After locating the line that contains "Kệ TV và kệ", output that line and each one following it, exactly, to the end of the entries. No pictures.

# Source information
= = = = = = =

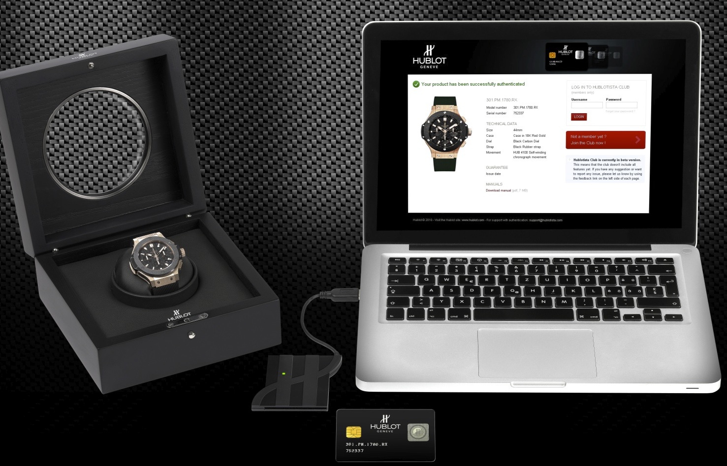 Oggi invece è arrivata una notizia che interessa tutti i proprietari di un Hublot. Al World Economic Forum a Davos mr Biver ha confermato la collaborazione tra Hublot e Wisekey per garantire identificazione, autenticità e protezione degli Hublot. Tutti gli orologi infatti vengono dotati della Hublotista chip card e della reader card, passaporti che si leggono in rete. La chip card è disposta con il suo lettore nella cassa dell’orologio; nella boutique, dopo che il cliente ha acquistato il modello, il rivenditore, identificato con la sua carta collegata alla sede centrale del Marchio in Svizzera, attiva la garanzia internazionale. L’acquirente può quindi registrarsi sulla piattaforma Hublotista.com, un club riservato esclusivamente ai proprietari di un modello Hublot e che garantisce l’anonimato. La combinazione chip e lettore è un sistema impossibile da riprodurre, accentuando la protezione degli orologi contro raggiri e incauti acquisti. Le 69 boutique e i 750 rivenditori Hublot nel mondo sono dotati del sistema per leggere e attivare il certificato digitale.
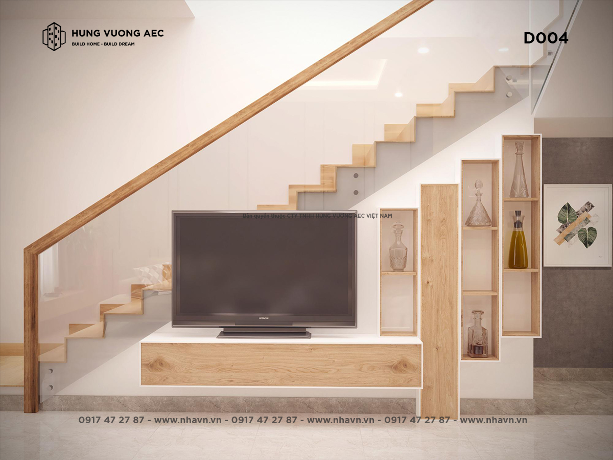 Kệ TV và kệ đựng đồ trang trí bằng gỗ được đặt dưới chân cầu thang nhằm tiết kiệm không gian
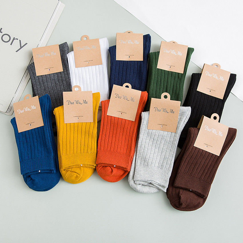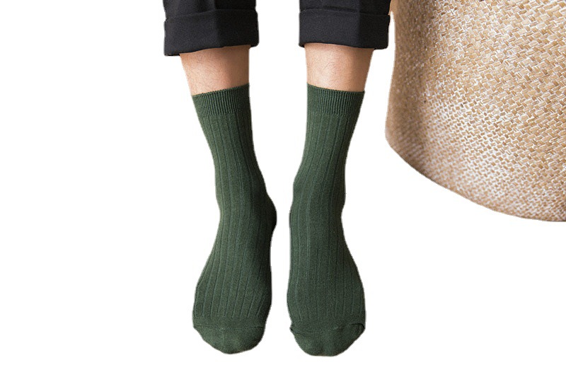 Zhuji Socks Men's Simple Style Winter44 Size Double Needle Cotton Men's Socks Vertical Strip Medium Tube Business Socks Men's Pure-Cotton
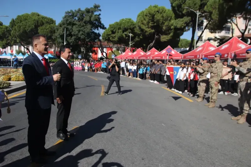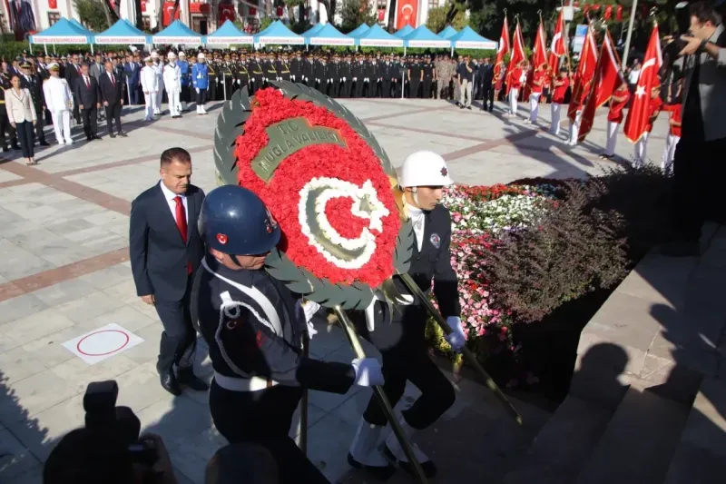 Program, Muğla Valiliği, Garnizon Komutanlığı ve Muğla Büyükşehir Belediyesi’nin Atatürk Anıtı’na çelenk sunmasıyla başladı.
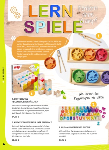 1 .3 .2 . LERN SPIELE3. ALPHANUMERISCHES PUZZLEABC und 10-er Zahlenraum zum Anfassen und Kennenlernen. Legespiel aus Holz. Ab 4 Jahren. Von Goki27,95 %u20ac1. SORTIERSPIEL REGENBOGENSCH%u00c4LCHENFarb- und Zuordnungsspiel mit sechs bunten Sch%u00e4lchen, Elementen und zwei Pinzetten aus robustem Holz. Ausgezeichnet mit dem %u201espiel gut%u201c-Siegel. Ab 3 Jahren. Von Grimm%u2018s 84,95 %u20ac2. KREATIVBAUSTEINE BUNTE SPIELFALTStein auf Stein entstehen spannende 3-D-Bauwerke. Dabei ist Kreativit%u00e4t, r%u00e4umliches Denken und die Freude am Ausprobieren gefragt. 15 Vorlagenkarten liefern zus%u00e4tzliche Inspiration. Ab 4 Jahren. Von Haba 36,95 %u20acSpielerisch lernen %u2013 ohne Zwang und Druck, daf%u00fcr mit echter Begeisterung f%u00fcr Neues. Im Mittelpunkt steht nicht das %u201eLernen-M%u00fcssen%u201c, sondern die Freude daran, etwas selbst zu entdecken, auszuprobieren und Erfolge zu erleben. So wird F%u00f6rdern ganz leicht und Lernen zum Vergn%u00fcgen!F%u00f6rdern ohne Krampf Alle Farben des Regenbogens, wie sch%u00f6n.16LERNSPIELE

= = = = = = =

# Solution for this exercise
 Kệ TV và kệ đựng đồ trang trí bằng gỗ được đặt dưới chân cầu thang nhằm tiết kiệm không gian
 Zhuji Socks Men's Simple Style Winter44 Size Double Needle Cotton Men's Socks Vertical Strip Medium Tube Business Socks Men's Pure-Cotton
 Program, Muğla Valiliği, Garnizon Komutanlığı ve Muğla Büyükşehir Belediyesi’nin Atatürk Anıtı’na çelenk sunmasıyla başladı.
 1 .3 .2 . LERN SPIELE3. ALPHANUMERISCHES PUZZLEABC und 10-er Zahlenraum zum Anfassen und Kennenlernen. Legespiel aus Holz. Ab 4 Jahren. Von Goki27,95 %u20ac1. SORTIERSPIEL REGENBOGENSCH%u00c4LCHENFarb- und Zuordnungsspiel mit sechs bunten Sch%u00e4lchen, Elementen und zwei Pinzetten aus robustem Holz. Ausgezeichnet mit dem %u201espiel gut%u201c-Siegel. Ab 3 Jahren. Von Grimm%u2018s 84,95 %u20ac2. KREATIVBAUSTEINE BUNTE SPIELFALTStein auf Stein entstehen spannende 3-D-Bauwerke. Dabei ist Kreativit%u00e4t, r%u00e4umliches Denken und die Freude am Ausprobieren gefragt. 15 Vorlagenkarten liefern zus%u00e4tzliche Inspiration. Ab 4 Jahren. Von Haba 36,95 %u20acSpielerisch lernen %u2013 ohne Zwang und Druck, daf%u00fcr mit echter Begeisterung f%u00fcr Neues. Im Mittelpunkt steht nicht das %u201eLernen-M%u00fcssen%u201c, sondern die Freude daran, etwas selbst zu entdecken, auszuprobieren und Erfolge zu erleben. So wird F%u00f6rdern ganz leicht und Lernen zum Vergn%u00fcgen!F%u00f6rdern ohne Krampf Alle Farben des Regenbogens, wie sch%u00f6n.16LERNSPIELE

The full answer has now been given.